**Brief**. The task for the listing below is to write out exactly the lines starting at the one containing "Открытку разверните, положите" and ending at the one containing "8 mm (ocel).", both included. Pictures are to be omitted.

**Record extracts**.
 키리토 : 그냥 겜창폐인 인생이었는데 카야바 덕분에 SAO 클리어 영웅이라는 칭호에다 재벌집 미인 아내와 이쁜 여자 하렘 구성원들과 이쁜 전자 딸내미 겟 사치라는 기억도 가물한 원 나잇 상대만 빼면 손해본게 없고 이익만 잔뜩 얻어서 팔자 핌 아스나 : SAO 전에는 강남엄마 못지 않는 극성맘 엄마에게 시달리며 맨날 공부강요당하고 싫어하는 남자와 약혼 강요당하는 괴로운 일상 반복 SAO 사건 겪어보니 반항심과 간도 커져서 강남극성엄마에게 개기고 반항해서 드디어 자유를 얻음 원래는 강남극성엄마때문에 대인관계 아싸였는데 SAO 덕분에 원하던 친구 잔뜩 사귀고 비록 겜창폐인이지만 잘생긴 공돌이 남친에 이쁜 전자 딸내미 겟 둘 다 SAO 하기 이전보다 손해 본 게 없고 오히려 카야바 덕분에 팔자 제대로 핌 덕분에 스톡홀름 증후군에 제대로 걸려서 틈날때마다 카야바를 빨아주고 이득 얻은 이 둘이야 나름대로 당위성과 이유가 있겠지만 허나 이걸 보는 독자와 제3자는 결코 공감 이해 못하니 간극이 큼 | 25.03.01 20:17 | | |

...

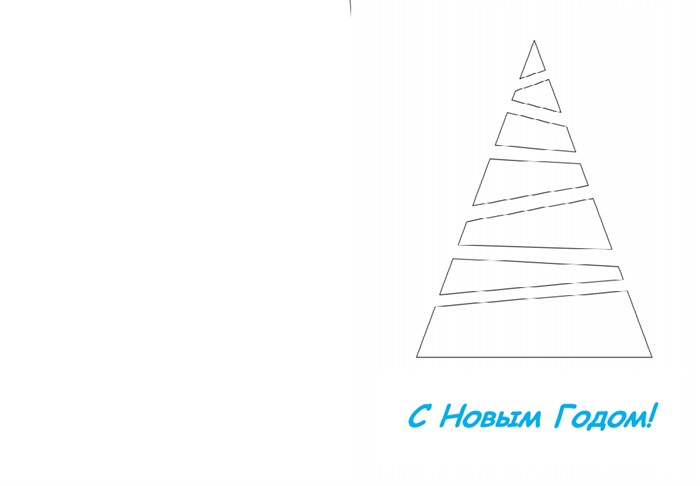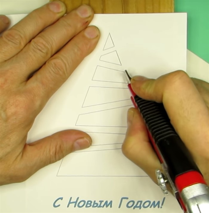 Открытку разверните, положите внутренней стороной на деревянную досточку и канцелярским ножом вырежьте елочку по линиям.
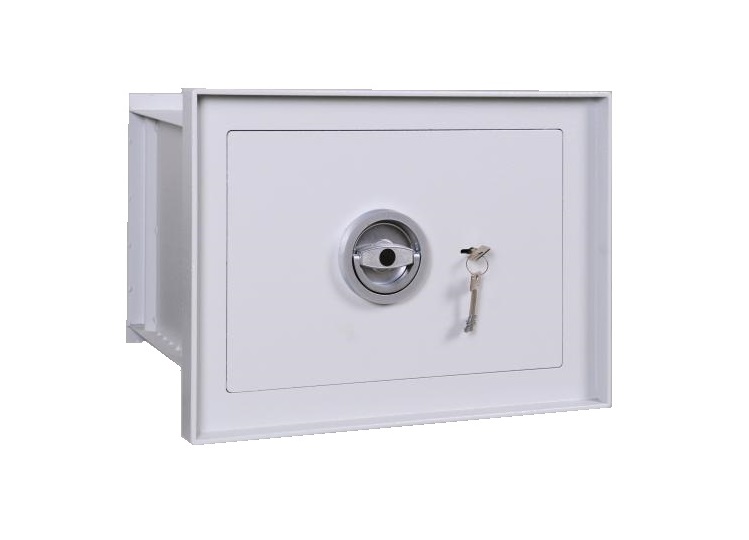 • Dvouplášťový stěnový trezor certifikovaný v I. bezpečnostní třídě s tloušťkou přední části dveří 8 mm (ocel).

**Solution for this exercise**.
 Открытку разверните, положите внутренней стороной на деревянную досточку и канцелярским ножом вырежьте елочку по линиям.
 • Dvouplášťový stěnový trezor certifikovaný v I. bezpečnostní třídě s tloušťkou přední části dveří 8 mm (ocel).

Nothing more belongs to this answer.